◆ Task statement ◆
From the entries below, write out exactly the lines between the line holding "日前,青眼號(hào)外獲悉" and the line holding "Enrichi pour hydrater", inclusive, excluding any pictures.

◆ Supplied information ◆
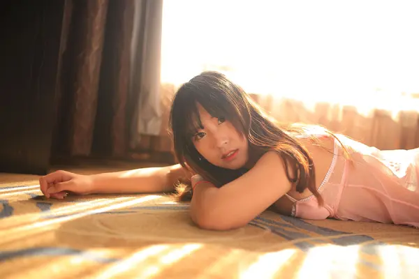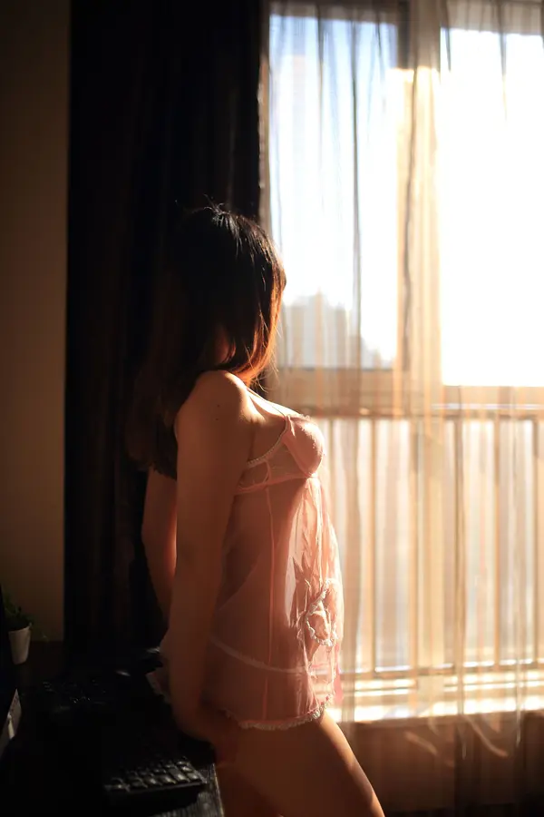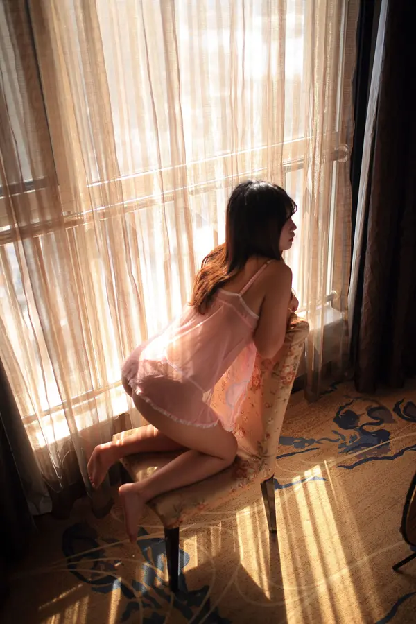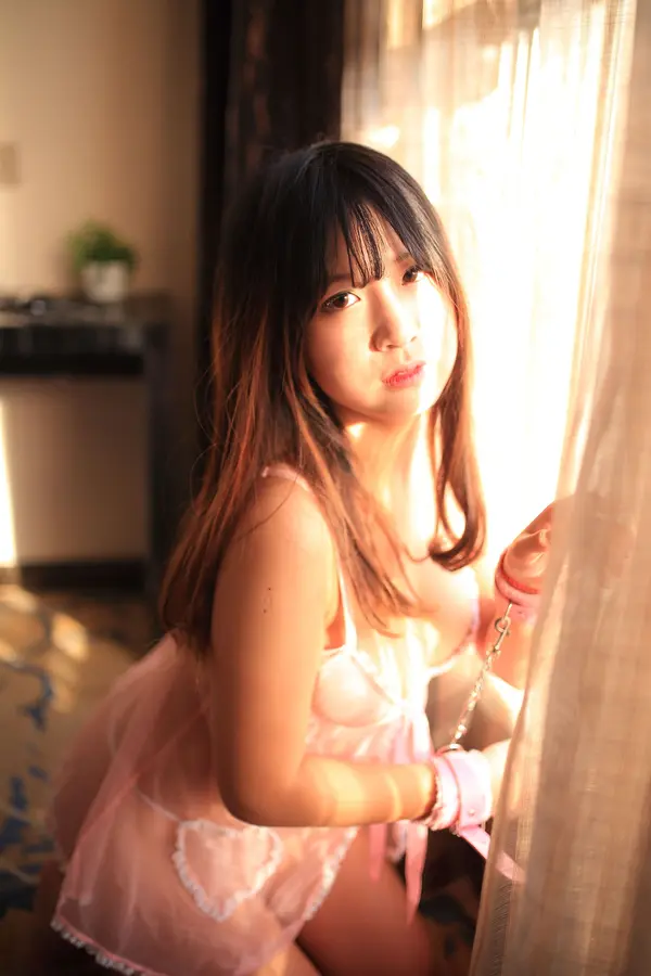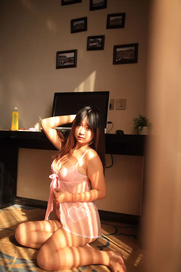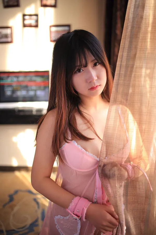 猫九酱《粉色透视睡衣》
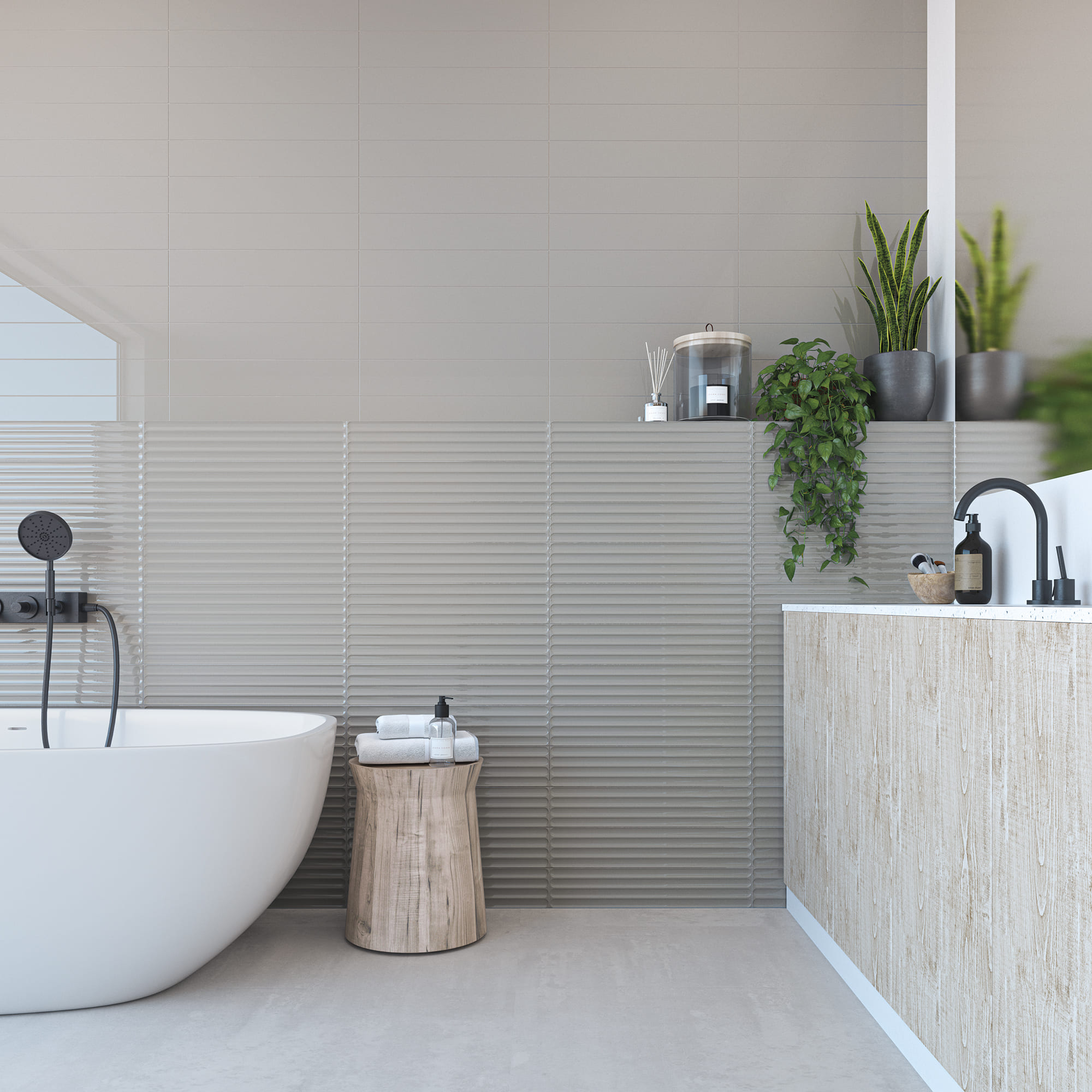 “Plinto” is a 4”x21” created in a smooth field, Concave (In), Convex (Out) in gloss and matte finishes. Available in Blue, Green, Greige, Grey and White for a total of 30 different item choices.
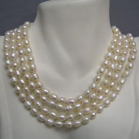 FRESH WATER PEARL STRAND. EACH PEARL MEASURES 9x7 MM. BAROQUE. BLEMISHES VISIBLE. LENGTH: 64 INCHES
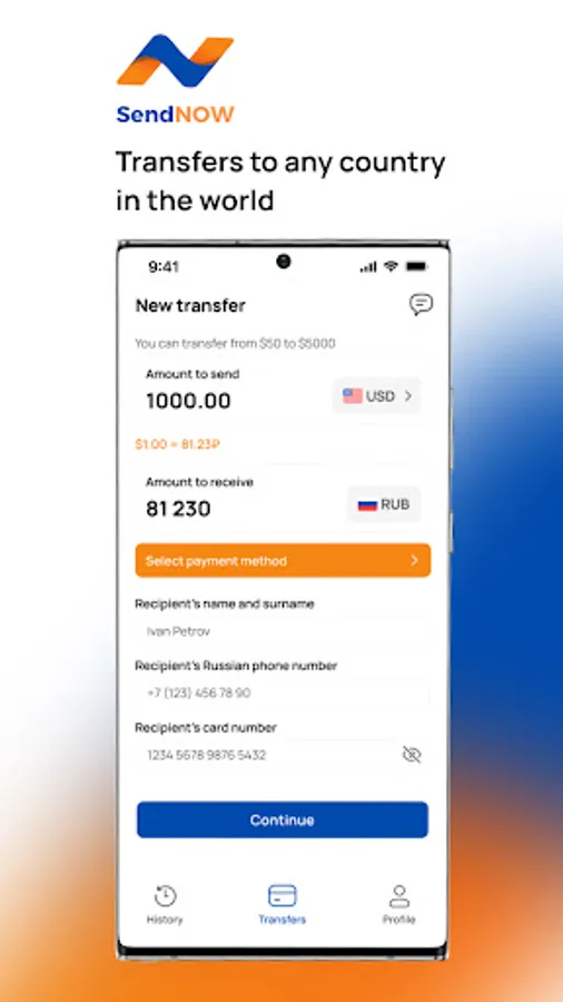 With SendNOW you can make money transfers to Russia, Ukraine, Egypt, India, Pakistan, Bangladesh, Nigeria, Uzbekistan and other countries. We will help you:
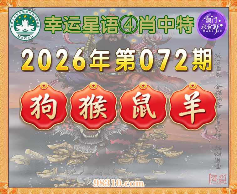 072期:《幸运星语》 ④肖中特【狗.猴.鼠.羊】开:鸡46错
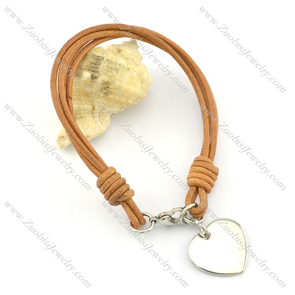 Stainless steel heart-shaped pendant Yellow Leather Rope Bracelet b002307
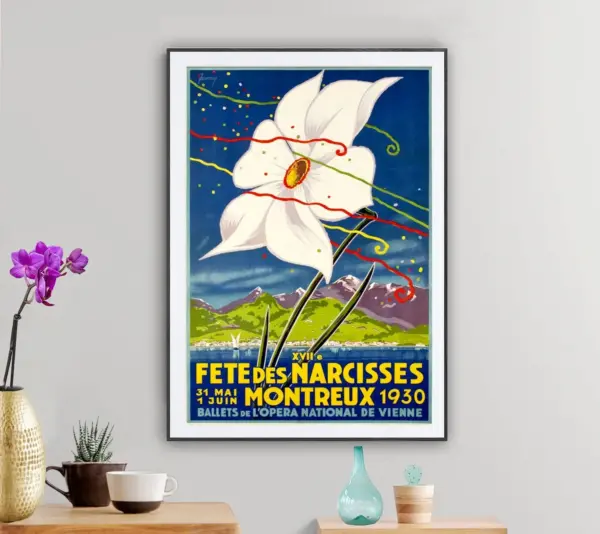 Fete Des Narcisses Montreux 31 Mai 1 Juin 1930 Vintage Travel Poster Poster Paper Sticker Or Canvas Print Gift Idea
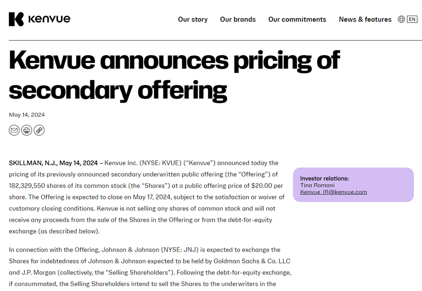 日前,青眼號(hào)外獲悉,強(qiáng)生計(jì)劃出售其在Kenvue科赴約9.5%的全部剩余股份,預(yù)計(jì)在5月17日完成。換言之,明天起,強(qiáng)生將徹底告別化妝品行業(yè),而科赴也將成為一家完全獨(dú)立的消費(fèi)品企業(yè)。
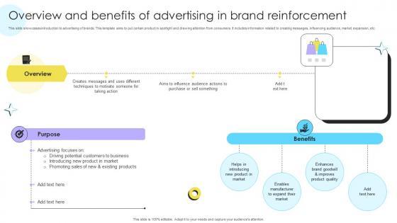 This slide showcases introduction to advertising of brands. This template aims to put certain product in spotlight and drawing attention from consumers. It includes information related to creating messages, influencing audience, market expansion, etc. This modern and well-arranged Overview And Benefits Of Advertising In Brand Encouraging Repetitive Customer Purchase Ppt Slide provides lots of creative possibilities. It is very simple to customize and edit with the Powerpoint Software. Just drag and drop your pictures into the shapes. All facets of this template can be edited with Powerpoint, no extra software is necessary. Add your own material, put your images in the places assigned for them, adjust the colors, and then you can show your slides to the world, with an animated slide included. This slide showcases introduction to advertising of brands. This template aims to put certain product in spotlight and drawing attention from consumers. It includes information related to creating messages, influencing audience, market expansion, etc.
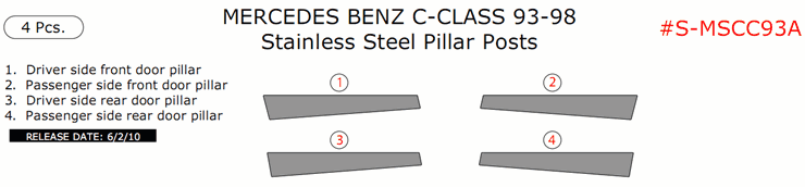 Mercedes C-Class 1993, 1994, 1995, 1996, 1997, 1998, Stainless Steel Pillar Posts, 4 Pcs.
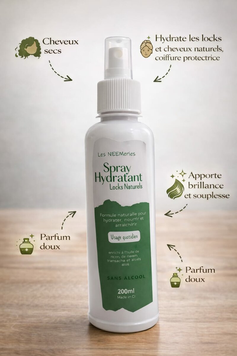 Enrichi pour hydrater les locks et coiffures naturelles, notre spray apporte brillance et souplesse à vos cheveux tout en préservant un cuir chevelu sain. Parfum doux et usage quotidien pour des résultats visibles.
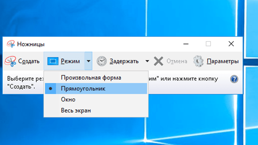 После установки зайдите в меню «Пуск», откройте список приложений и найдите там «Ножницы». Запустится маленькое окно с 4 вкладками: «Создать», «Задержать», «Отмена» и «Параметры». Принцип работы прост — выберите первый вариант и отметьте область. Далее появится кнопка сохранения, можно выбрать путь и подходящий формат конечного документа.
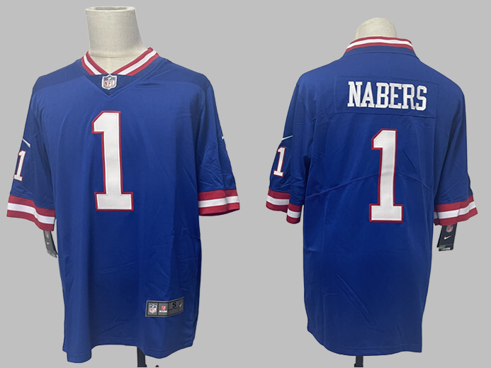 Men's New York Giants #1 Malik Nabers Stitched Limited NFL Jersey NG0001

◆ Answer space ◆
 日前,青眼號(hào)外獲悉,強(qiáng)生計(jì)劃出售其在Kenvue科赴約9.5%的全部剩余股份,預(yù)計(jì)在5月17日完成。換言之,明天起,強(qiáng)生將徹底告別化妝品行業(yè),而科赴也將成為一家完全獨(dú)立的消費(fèi)品企業(yè)。
 This slide showcases introduction to advertising of brands. This template aims to put certain product in spotlight and drawing attention from consumers. It includes information related to creating messages, influencing audience, market expansion, etc. This modern and well-arranged Overview And Benefits Of Advertising In Brand Encouraging Repetitive Customer Purchase Ppt Slide provides lots of creative possibilities. It is very simple to customize and edit with the Powerpoint Software. Just drag and drop your pictures into the shapes. All facets of this template can be edited with Powerpoint, no extra software is necessary. Add your own material, put your images in the places assigned for them, adjust the colors, and then you can show your slides to the world, with an animated slide included. This slide showcases introduction to advertising of brands. This template aims to put certain product in spotlight and drawing attention from consumers. It includes information related to creating messages, influencing audience, market expansion, etc.
 Mercedes C-Class 1993, 1994, 1995, 1996, 1997, 1998, Stainless Steel Pillar Posts, 4 Pcs.
 Enrichi pour hydrater les locks et coiffures naturelles, notre spray apporte brillance et souplesse à vos cheveux tout en préservant un cuir chevelu sain. Parfum doux et usage quotidien pour des résultats visibles.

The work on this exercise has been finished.